Sur le front social, Attal a martelé : « Notre combat, ce sera de faire monter les salaires ». Il s’est également engagé à mettre fin aux « économies sur le dos de nos enfants », une formule qui vise probablement à critiquer les politiques d’austérité passées. « Si l’Ukraine tombe, Poutine ne s’arrêtera pas là », a-t-il averti, rappelant l’importance de soutenir Kiev dans le contexte géopolitique actuel.
Immigration et extrêmes : un positionnement équilibré ?

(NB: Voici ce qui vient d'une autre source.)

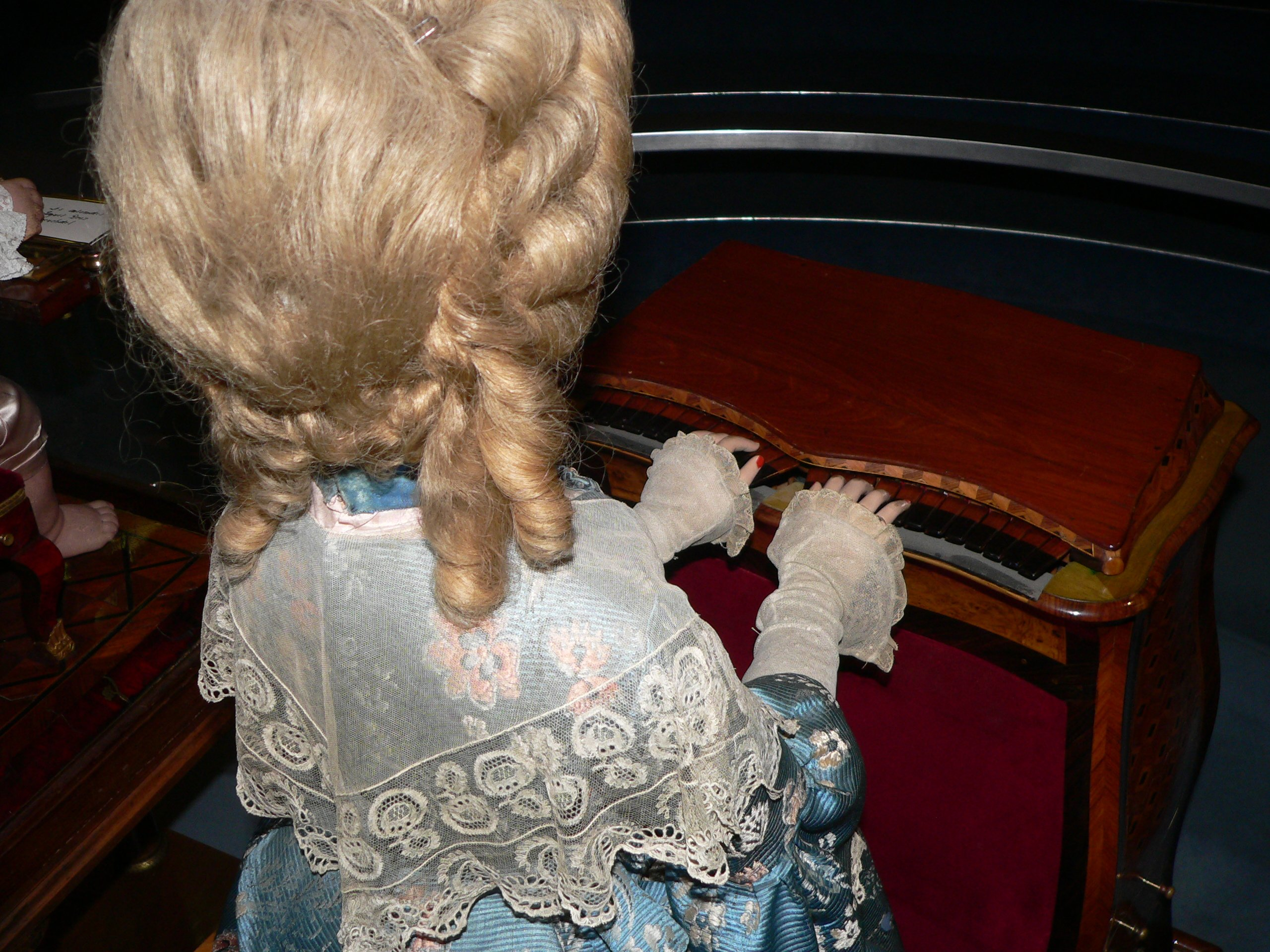 Jaquet-Droz automata, mus�e d'Art et d'Histoire de Neuch�tel

Gabriel Attal a pris position sur l’immigration en déclarant : « L’immigration zéro n’est ni possible ni souhaitable, pas plus que le fantasme des portes grandes ouvertes ». Une nuance qui illustre sa volonté de trouver un équilibre, entre fermeté et pragmatisme. Il a également rejeté l’idée d’un « sang et des larmes » dans la gestion du pays, préférant une approche constructive. « Je laisse à d’autres le sang et les larmes », a-t-il lancé, en référence à ses opposants politiques.
La critique des « extrêmes » a occupé une place centrale dans son discours. « Pour briser la tenaille des extrêmes [...] il y a quatre chantiers vitaux », a-t-il affirmé, sans préciser lesquels. Prisca Thevenot, députée Renaissance des Hauts-de-Seine, a résumé l’ambiance du meeting en déclarant : « Tous les autres candidats proposent 50 nuances de déclin ». Une formule qui en dit long sur la tonalité offensive adoptée par la majorité présidentielle.
Dans les semaines qui viennent, Gabriel Attal devra également clarifier ses intentions concernant la présidentielle de 2027. Son discours de samedi confirme une stratégie offensive, mais les détails concrets — notamment sur le financement de ses projets ou les alliances politiques — restent à préciser. Une chose est certaine : il compte bien occuper le terrain médiatique et politique d’ici là.
Le terme « vetocratie », utilisé par Gabriel Attal lors de son meeting, désigne un système politique où les mécanismes de blocage — veto, opposition systématique, lenteurs institutionnelles — paralysent l’action publique. Selon lui, cette situation empêche la France de se réformer efficacement et limite la capacité des gouvernements à agir.